Arınç, Başbakanlık Yeni Bina'daki Bakanlar Kurulu toplantısının ardından açıklamalarda bulundu, basın mensuplarının sorularını yanıtladı.
Anayasa Mahkemesi Başkanı Haşim Kılıç'ın, Twitter kararına ilişkin "Anayasa Mahkemesi telafisi imkansız zararların doğmasını engellemek için kanun yollar tüketilmeden uygulama yapabilir" açıklamasının hatırlatılması ve bu konudaki değerlendirmesinin sorulması üzerine Arınç, bireysel başvuru üzerine Anayasa Mahkemesi'nin oy birliğiyle verdiği kararın öncelikle "Anayasa Mahkemesinin Kuruluşu ve Yargılama Usulleri Hakkında Kanun"a açıkça aykırı olduğunu söyledi.
"Saygı duyup duymamak meselesi ayrı bir konu ama hukukçu gözüyle baktığımızda, kanunu 2011'de çıkardık, üzerinde dumanı tüten bu çok yeni kanunda öyle öngörüler var ki bunlara aykırı bir kararın alınmaması lazım" diyen Arınç, kanunun bireysel başvuru hakkını düzenleyen 45'inci maddesindeki "İhlale neden olduğu ileri sürülen işlem, eylem ya da ihmal için kanunda öngörülmüş idari ve yargısal başvuru yollarının tamamının bireysel başvuru yapılmadan önce tüketilmiş olması gerekir" ifadesini hatırlattı. Kılıç'ın, bunu "Aştıklarını ifade ettiğini ve buna ilişkin bazı gerekçeler ileri sürdüğünü" aktaran Arınç, aynı maddenin "Yasama işlemleri ile düzenleyici idari işlemler aleyhine doğrudan bireysel başvuru yapılamayacağı gibi Anayasa Mahkemesi kararları ile Anayasanın yargı denetimi dışında bıraktığı işlemlerde bireysel başvurunun konusu olamaz" fıkrasını da anımsattı.
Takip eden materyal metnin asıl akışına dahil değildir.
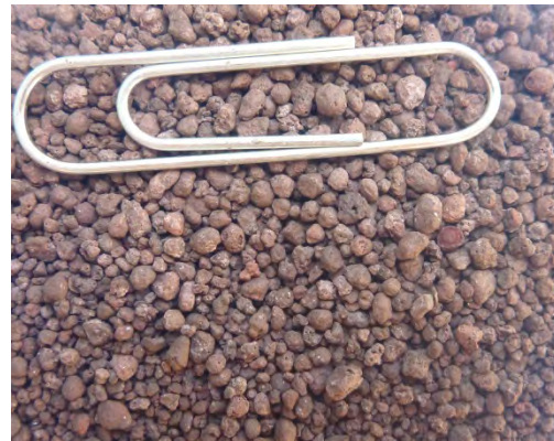
Detail of iron chloride/iron oxide pellets (1-4mm in diameter)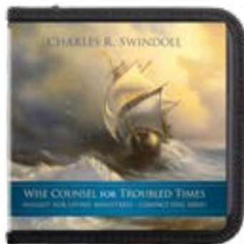
Wise Counsel for Troubled Times by Charles R. Swindoll CD series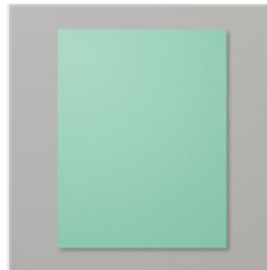
Coastal Cabana 8-1/2" X 11" Cardstock - 131297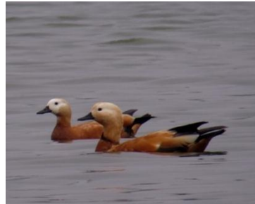
D. Tadorna ferruginea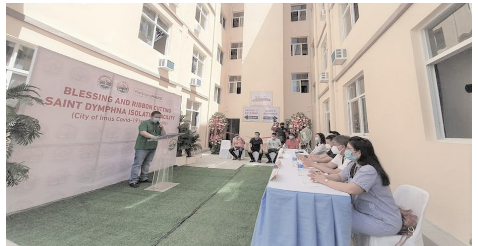
St. Dymphna Isolation Facility in Barangay Palico IV, Imus City, Cavite

First, the vaccination site at the Ospital ng Imus where the official rollout of the vaccination was held, second, the CoViD-19 Drive-Thru Vaccination Site at the Robinson's Place Imus, and third, the Onsite CoViD-19 Vaccination/Mobile Vaccine Clinic, and lastly, the upcoming conduct of house-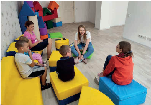
Nonprofit Your Support offers psychosocial sessions for displaced children in Lviv, Ukraine.

Anayasa Mahkemesi'nin bugüne kadar bu maddeleri ileri sürerek başvuruların "Kabul edilemez" olduğu yönünde kararlar verdiğini ancak Twitter ile ilgili konuda bunun aşıldığını dile getiren Arınç, Mahkemenin iç tüzüğüne, 5 Mart 2014'te Resmi Gazete'de yayımlanan değişiklikle "Mahkeme, içtihadın oluştuğu alanlarda veya ivedilikle karar verilmesi gereken durumlarda Bakanlık cevabını beklemeden başvurunun kabul edilebilirlik ve esası hakkında karar verebilir" hükmünün koyulduğunu vurguladı. Arınç, "Bu, 5 Mart tarihine gelinceye, yani bir ay öncesine kadar yoktu. Aceleyle iç tüzüklerini değiştirmişler ve idarenin, yani Bakanlığın cevabını beklemeden de karar verebileceklerini koymuşlar. Bu ifadenin kısa bir süre önce Anayasa Mahkemesi tarafından yapılan bir değişiklikle iç tüzüğe eklenmesi de bugün baktığımız takdirde fevkalade manidar ve düşündürücü geliyor" diye konuştu.
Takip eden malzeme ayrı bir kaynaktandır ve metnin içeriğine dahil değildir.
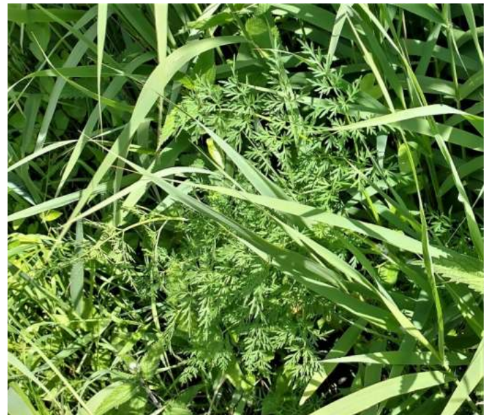
Milk parsley ( Peucedanum palustre ) the larval foodplant of the swallowtail among the reeds.

We then stopped at the Tower Hide where we saw a lone graylag goose and a moorhen walking along the edge of the water with his long yellow toes. There was also a garganey duck with ducklings just below the hide.

Sanal alem ve sosyal medyada da "Gerçek hayatta suç olanın sanal alemde de suç olduğu" kuralının geçerli bulunduğunu ifade eden Arınç, "Bir insanın onuru, haysiyeti ihlal ediliyorsa, özel hayatına, kişilik haklarına saldırı oluyorsa, suç işlenmesi teşvik ediliyorsa bunun mutlaka 140 karakterli olmasına da gerek yok. Siz, bunu üç cümleyle de ifade edebilirsiniz. Dolayısıyla evrensel hukuk prensipleri içerisinde insanın kişisel haklarını koruma noktasında alınacak kararların özellikle Türkiye'de bir yargı kararı olması bile kendi başına bir anlam ifade ederdi. Ama Twitter merkezi bunu uygulamamakta direniyordu" dedi.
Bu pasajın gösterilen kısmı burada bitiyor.